Details
-
Bug
-
Status: Closed
-
Major
-
Resolution: Fixed
-
5.4
-
New
Description
Currently the query is generated :
org.apache.lucene.queries.mlt.MoreLikeThis#retrieveTerms(int)
1) we extract the terms from the interesting fields, adding them to a map :
Map<String, Int> termFreqMap = new HashMap<>();
( we lose the relation field-> term, we don't know anymore where the term was coming ! )
org.apache.lucene.queries.mlt.MoreLikeThis#createQueue
2) we build the queue that will contain the query terms, at this point we connect again there terms to some field, but :
...
// go through all the fields and find the largest document frequency
String topField = fieldNames[0];
int docFreq = 0;
for (String fieldName : fieldNames) {
int freq = ir.docFreq(new Term(fieldName, word));
topField = (freq > docFreq) ? fieldName : topField;
docFreq = (freq > docFreq) ? freq : docFreq;
}
...
We identify the topField as the field with the highest document frequency for the term t .
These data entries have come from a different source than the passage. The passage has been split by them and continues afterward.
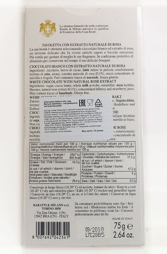Cioccolato bianco alla rosa - белый шоколад с натуральным экстрактом розы.
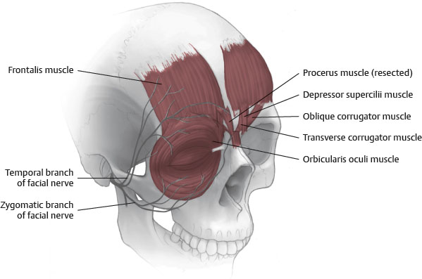 The medial eyebrow segment is less mobile than the lateral segment because of the anchoring effect produced by the supraorbital and supratrochlear nerves that exit bone and pass through the overlying medial frontalis muscle.
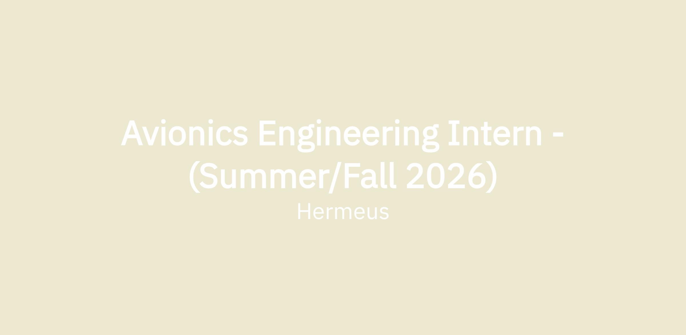 Avionics Engineering Intern - (Summer/Fall 2026)

Then we build the termQuery :
queue.add(new ScoreTerm(word, topField, score, idf, docFreq, tf));
In this way we lose a lot of precision.
Not sure why we do that.
I would prefer to keep the relation between terms and fields.
The MLT query can improve a lot the quality.
If i run the MLT on 2 fields : weSell and weDontSell for example.
It is likely I want to find documents with similar terms in the weSell and similar terms in the weDontSell, without mixing up the things and loosing the semantic of the terms.